The various implications on the healthcare industry are incredibly exciting. Will these models highlight correlations between previously unlinked diseases and conditions? Or increase awareness of previously unknown harmful activities? Or just allow better risk assessments from medics, who leverage the models for risk calculations?
Content Corner:
The Irish-Australian Migration: More than 21,000 Irish citizens were granted Australian working holiday visas in the 12 months up to July last year — the highest recorded figure in at least 16 years here.
Eire Accelerationism: This month, a techno-optimist movement was launched in Ireland on David McWilliam’s podcast as Will O’Brien spoke to it’s ideology and plans for sculpting the future of Irish prosperity. Worth a read here and listen here.
The Economic Implications of Immigration: Economist, Cormac Lucey, wrote an interesting piece highlighting how the benefits of immigration won’t close the holes in our pension system, and the key considerations for the Irish government.
Acceleration of Addictiveness: Matt Mullinweg, founder of Wordpress & Automatic, points to this Paul Graham essay as his favourite. Graham highlights that technological progress makes more things do more of what we want, which in turn, also drives addictiveness - what does this mean for society?
Bill Gurley on Regulatory Capture in AI: If you want to listen to the techno-optimist viewpoint on why regulation is bad for new technologies that drive progress, like artificial intelligence, this talk by Bill Gurley is worth a watch.
OpenAI Commits to Dublin for European HQ: Following in the footsteps of those that have gone before them, OpenAI has committed more investment in Dublin, with Altman stating that Ireland “blends a talented workforce with support for innovation and responsible business growth”.
Elon Musk’s Neuralink Implants Brain Chip in First Human: Yes, you read that right. The first human patient has received an implant from brain-chip startup Neuralink. The company has stated its initial goal is to enable people to control a computer cursor or keyboard using their thoughts alone.

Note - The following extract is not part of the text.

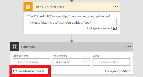 Next, you will need to Add a Condition to check to see if any of those posts happened in the last 10 days. In order to build that you will need to select Edit in advanced mode.

Thought Provoking Graphics:
MANG using their cloud credits to invest in early-stage companies. A changing dynamic Bill Gurley has highlighted.
Population shifts between Ireland and the UK between 1821-2019 highlights an incredible difference between us and our neighbours.
Apple VisionPro revenue compared to other tech companies, a reminder of just how powerful a company Apple is
People rarely understand the true scale of Africa, it is only when you see it in relation to key countries that we can truly grasp the scale.